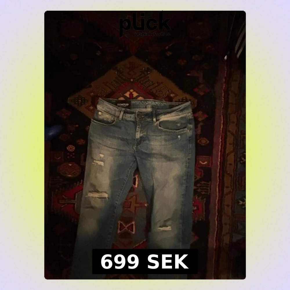 Snygga blå jeans från Dondup med slitningar och hål på benen för en trendig look. Klassisk femficksmodell med knapp och dragkedja. Jeansen har en ljus tvätt och är tillverkade i bomullsdenim. Perfekta för dig som gillar en avslappnad och cool stil. Är i modell Gaia, och har en relativt tight passform. Tagg medföljer ⭐️
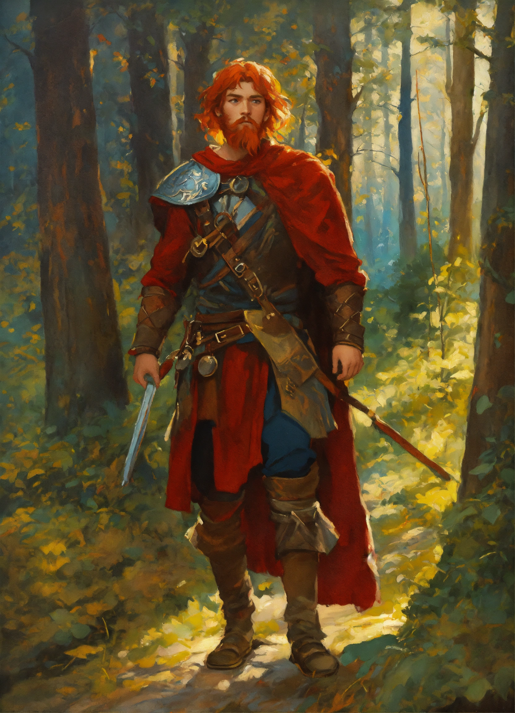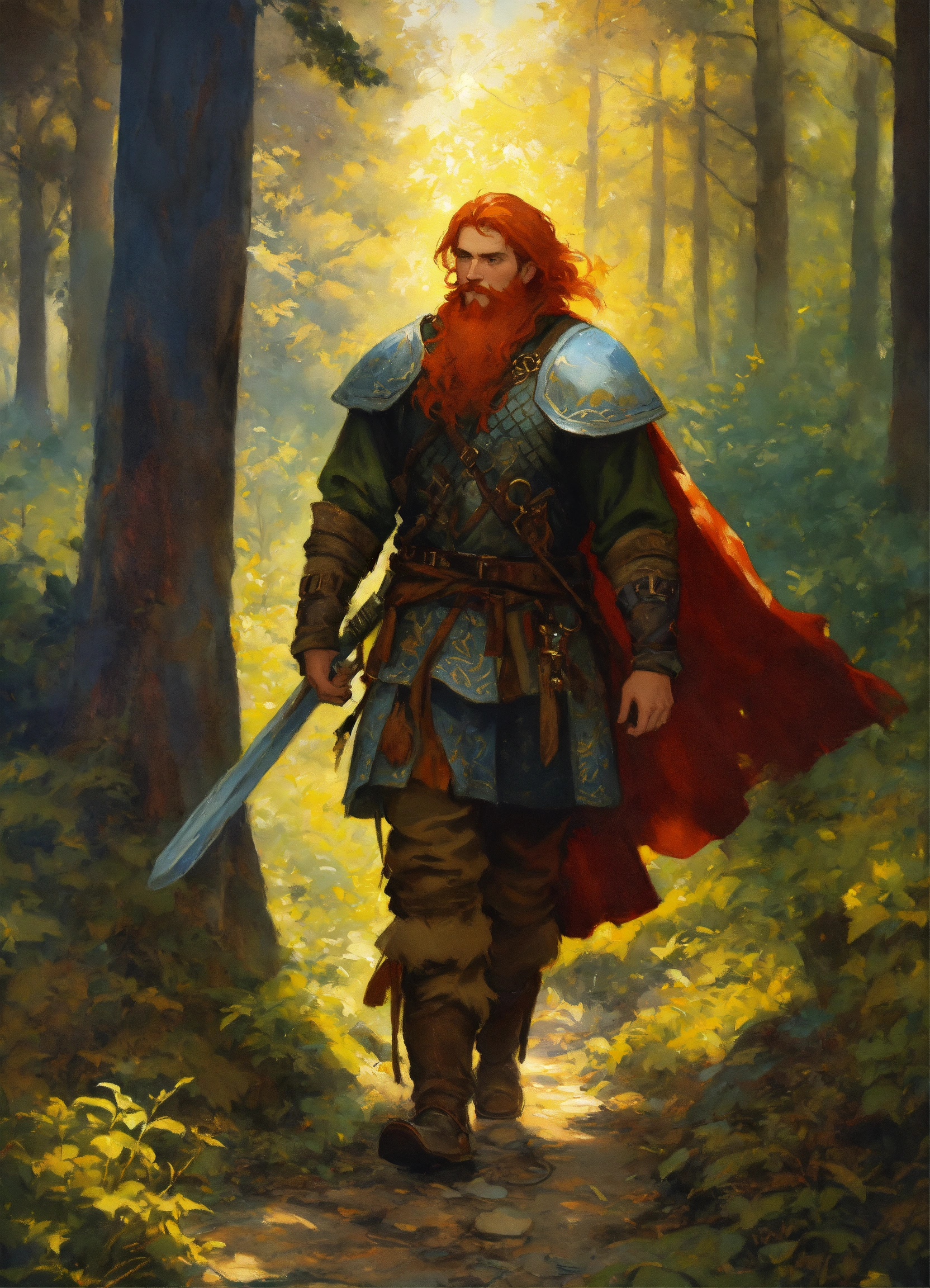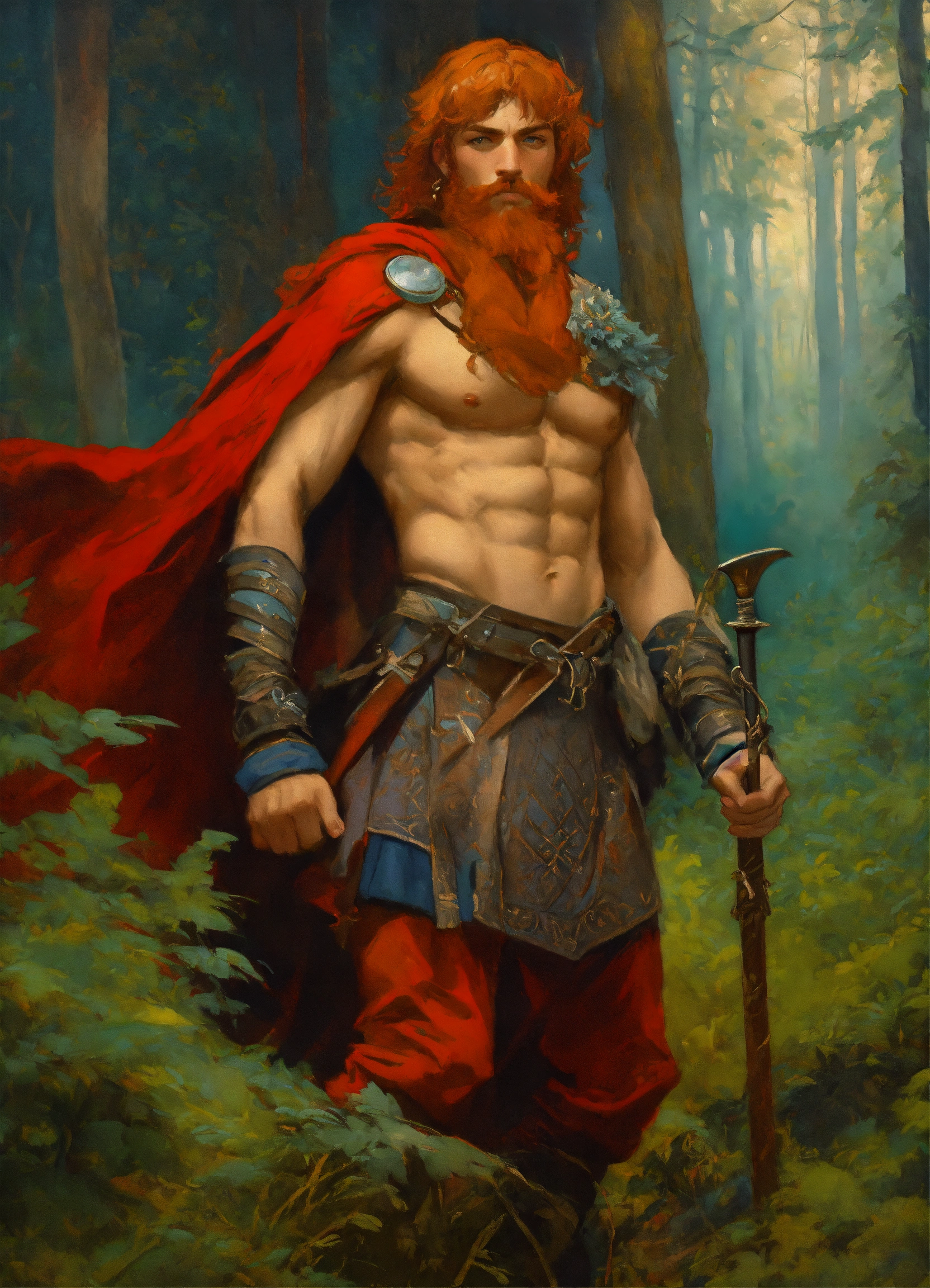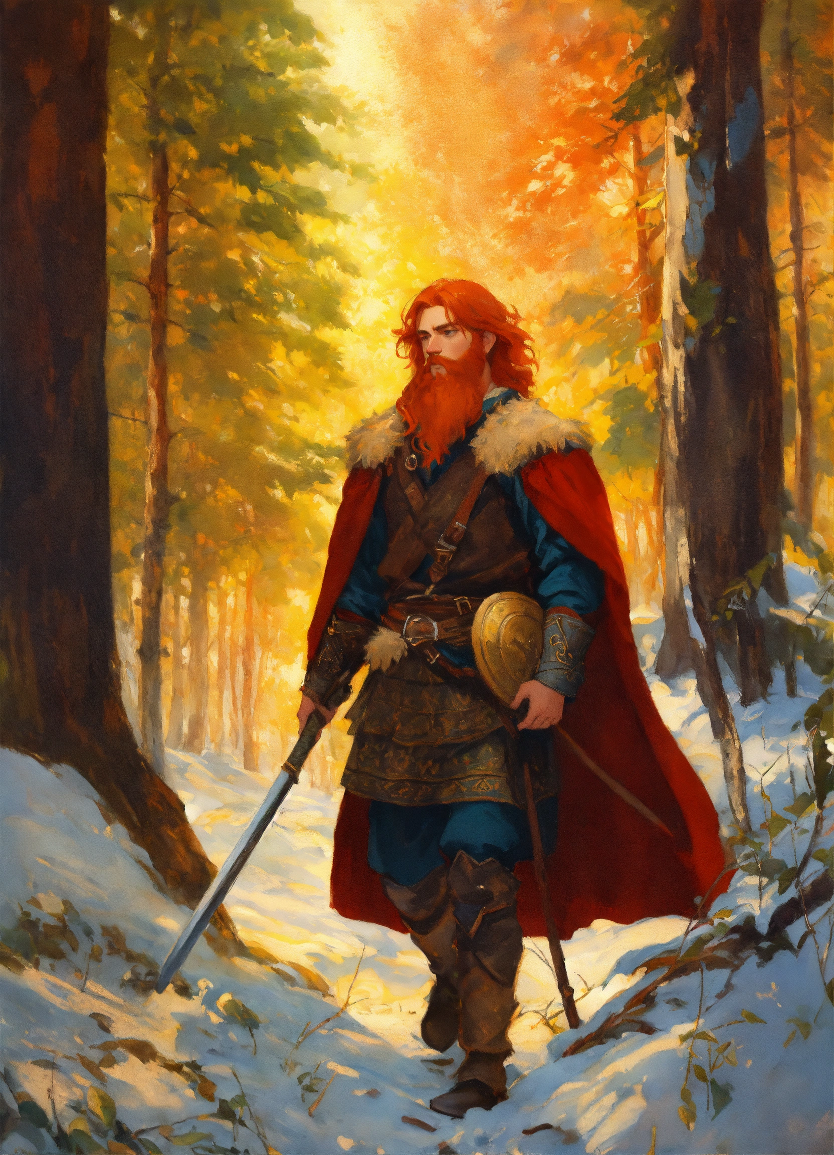 Warrior red head man, woolen torso in viking clothes, walking in the forest, oil painting, magic lights, painting by viktor vasnetsov, concept art, painting by ivan shishkin, hyperborea, beautiful, high resolution, trending on artstation
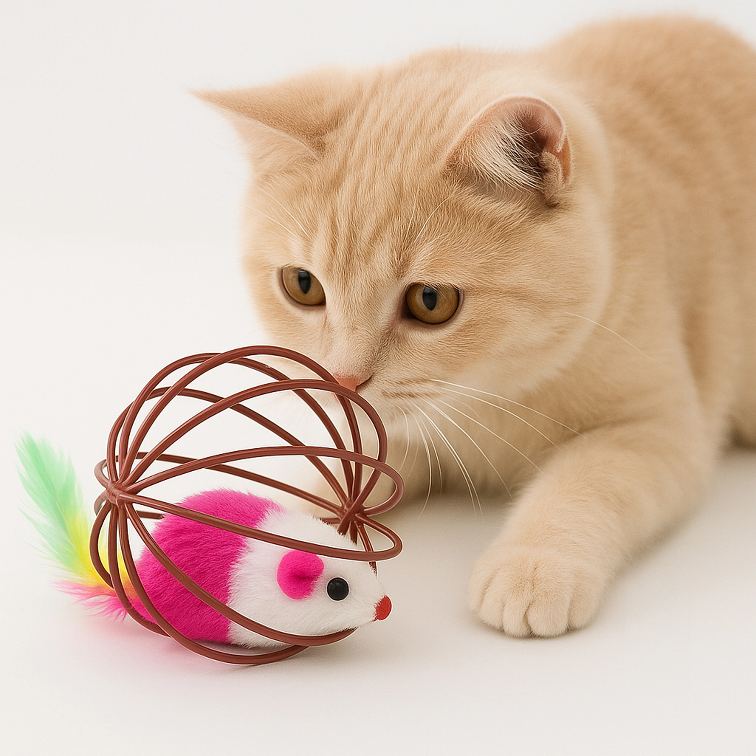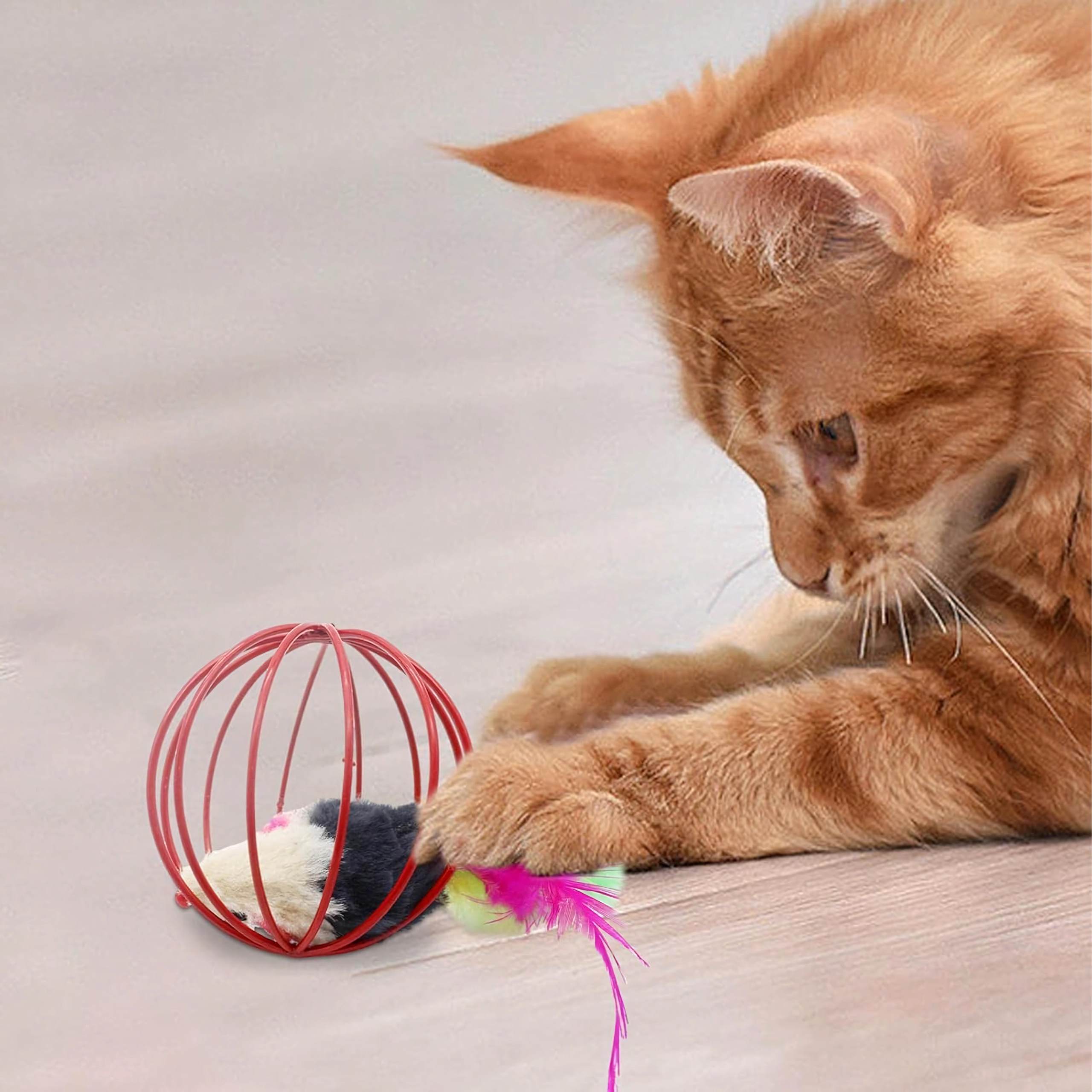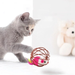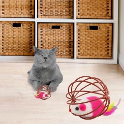 Este ingenioso juguete combina una bola de alambre ligera, que rueda suavemente por el suelo, con un ratón de peluche en su interior. Al moverse, el ratón tintinea suavemente y las plumas de colores invitan aún más al gato a perseguir, golpear y cazar. Ideal para gatitos y gatos adultos que necesitan gastar energía y reforzar su comportamiento natural.
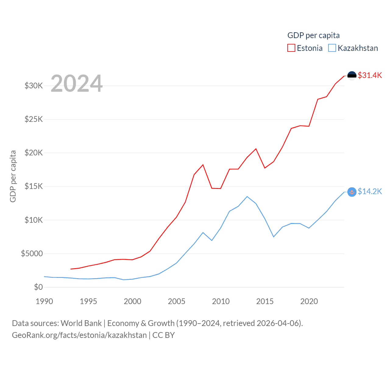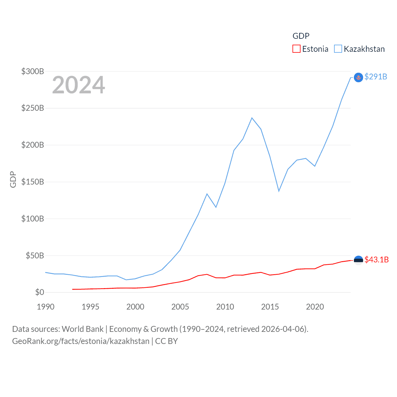 Data sources: World Bank | Economy & Growth (1990–2024, retrieved 2026-04-06).
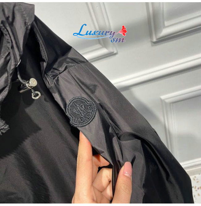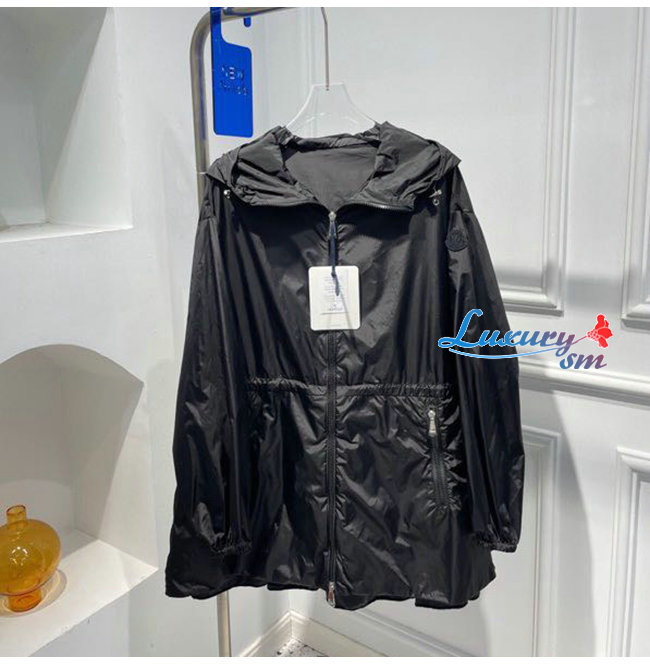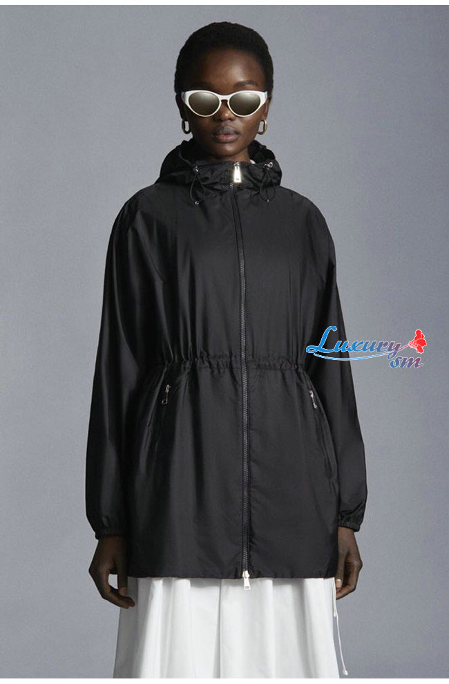 MONCL**-03299 몽클레어 블랙 나일론 바람막이 후드 재킷 여성용
::::::
The entries above need to be printed again exactly; please exclude all pictures.

Response area:
 Snygga blå jeans från Dondup med slitningar och hål på benen för en trendig look. Klassisk femficksmodell med knapp och dragkedja. Jeansen har en ljus tvätt och är tillverkade i bomullsdenim. Perfekta för dig som gillar en avslappnad och cool stil. Är i modell Gaia, och har en relativt tight passform. Tagg medföljer ⭐️
 Warrior red head man, woolen torso in viking clothes, walking in the forest, oil painting, magic lights, painting by viktor vasnetsov, concept art, painting by ivan shishkin, hyperborea, beautiful, high resolution, trending on artstation
 Este ingenioso juguete combina una bola de alambre ligera, que rueda suavemente por el suelo, con un ratón de peluche en su interior. Al moverse, el ratón tintinea suavemente y las plumas de colores invitan aún más al gato a perseguir, golpear y cazar. Ideal para gatitos y gatos adultos que necesitan gastar energía y reforzar su comportamiento natural.
 Data sources: World Bank | Economy & Growth (1990–2024, retrieved 2026-04-06).
 MONCL**-03299 몽클레어 블랙 나일론 바람막이 후드 재킷 여성용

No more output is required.